There is no 'one size fits all' solution when it comes to educating today's young people. Everyone learns in different ways - some by doing, some by listening and reading - and every way contributes to a rounded holistic learning outcome.
Recent education policy has increasingly focused schools and colleges upon academic systems of learning, hard knowledge outcomes linked to measurement, league tables and examination. Exactly why is that? For my part it appears that this focus is because of a political imperative to prove that a particular education policy or funding initiative is working.
Speak to our educators, academic or vocational, and they would rather be focused upon the individual learner, ensuring that each individual achieves their own potential. Perhaps we are seeing some movement in measurement. A recognition that a rounded individual has something more than a set of academic grades to show for their state education. Just this week we heard the Labour Party announce that there should be as many people in apprenticeships as enter university.
It is important that we explode another myth. Vocational learning is not the 'second choice' or for those who 'can't pass exams', it is a different way of growing and developing skills, knowledge and understanding. Some subjects lend themselves far more to this type of learning.

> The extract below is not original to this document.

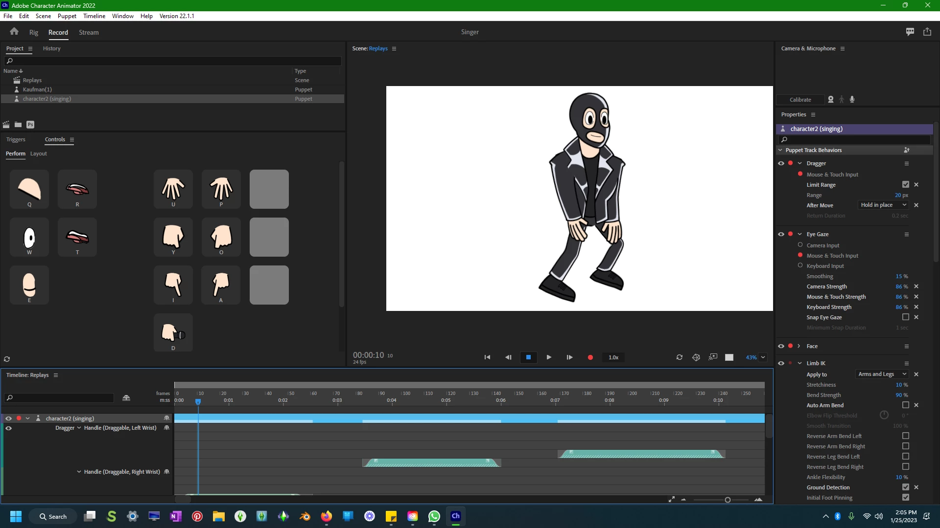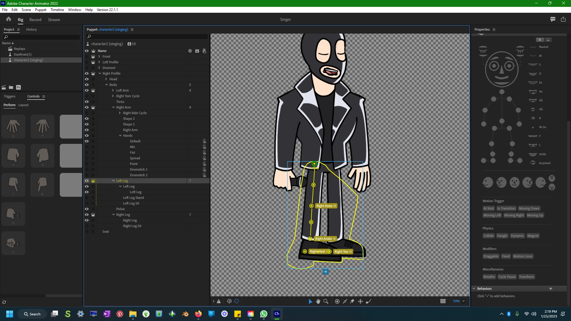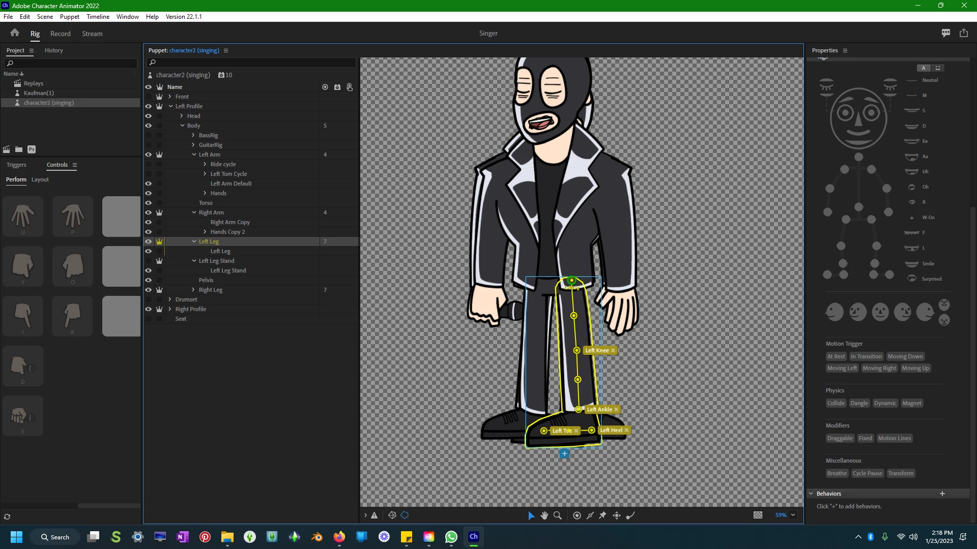 Hi I'm having issues with my character's walk cycle. I have the puppet rigged with the proper views (front, left, and right) but I'm getting a weird issue with the character bending down more when he starts walking to the left. When he faces the right the issue is gone- could this be an issue with handles or the actual walk cycle behavior, and all three views are scaled correctly also. Here are some screen shots of the puppet walking, the rig and the walk cycle parameters. Any help would be GREATLY appreciated
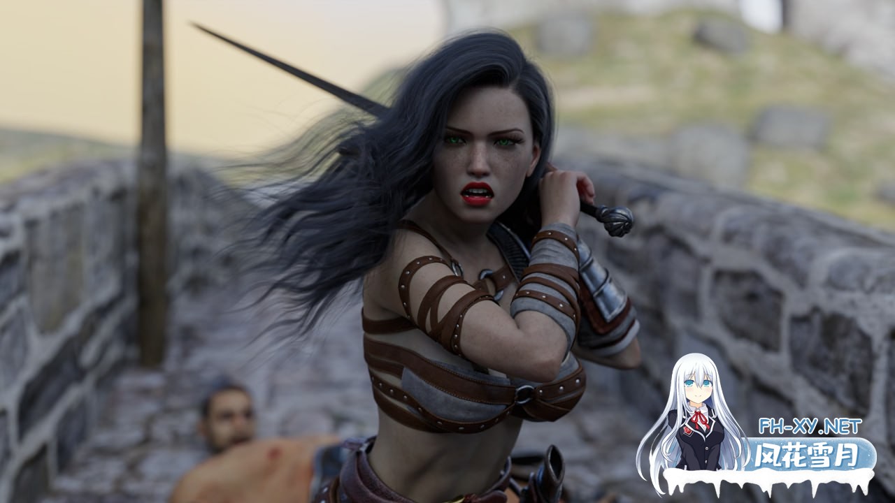 女战士部落恶人在废墟中发现了她,她失去知觉,但没有受伤

Several professions have highly vocational learning pathways. John Merry CBE - Vice Chair of the LGA Children's Board recently made this point powerfully when he asked an audience at the Labour Party Youth Zone if they would be happy having surgery by a consultant who had only trained by studying books - rather than learning their art practically too.
Over the last decade employers have constantly called for stronger soft skills in entrants to employment. Those skills of good team working, strong communication, empathy with customers and so forth are developed through practice, not by reading about them. What is important is that as educators of young people we provide the variety and choice of learning experiences that allow every individual to achieve their potential. Albert Einstein alluded to this point in his famous quote on learning, when he said, "Everybody is a genius. But if you judge a fish by its ability to climb a tree, it will live its whole life believing that it is stupid."
At Sports Leaders UK, we know our range of vocational awards and qualifications can bring real change for disillusioned learners switched off by the focus on the academic and examined. But it also appeals to academically orientated learners, because they can acquire skills for life, which enable them to better deploy their knowledge and understanding.
By gaining leadership skills such as confidence, communication and teamwork, learners become more desirable to employers. A recent study by education provider Kaplan suggesting at the point of recruitment, 'being good at communicating, a team player, confident and analytical were all more important than having technical knowledge.'
This is also true for those wishing to attend university, where leadership skills add extra, positive weight to an application for what is a competitive process.
These learners are therefore more prepared for the big, wide world of employment and in many cases, able to adjust to changes and situations in a more constructive way through their 'hands on' experience that can't just be taught from a book.
By offering more vocational learning initiatives we can help young people attain their true ability if they are not academically inclined, enhancing their levels of self-esteem just by focussing on what can be achieved rather than limiting learners by their ability to conform to standard approaches.
Schools and organisations can benefit from vocational learning too, where vocational learning allows once disillusioned learners to become engaged and active, leading to improved behaviour and attainment.
Vocational learning has many benefits. The hands-on approach allows learners to train on the job; those interested in careers in sport for instance, can get work experience in gyms, swimming baths or even with councils, sports clubs and schools. They will stand out at a job interview because they have learnt their trade and gained a qualification in the process.
Vocational learning is wide ranging and inclusive for all abilities, far more so than many academic styles of learning. We need to encourage a culture where vocational and academic qualifications are seen as equal, and learners follow the route most suited to them with pride.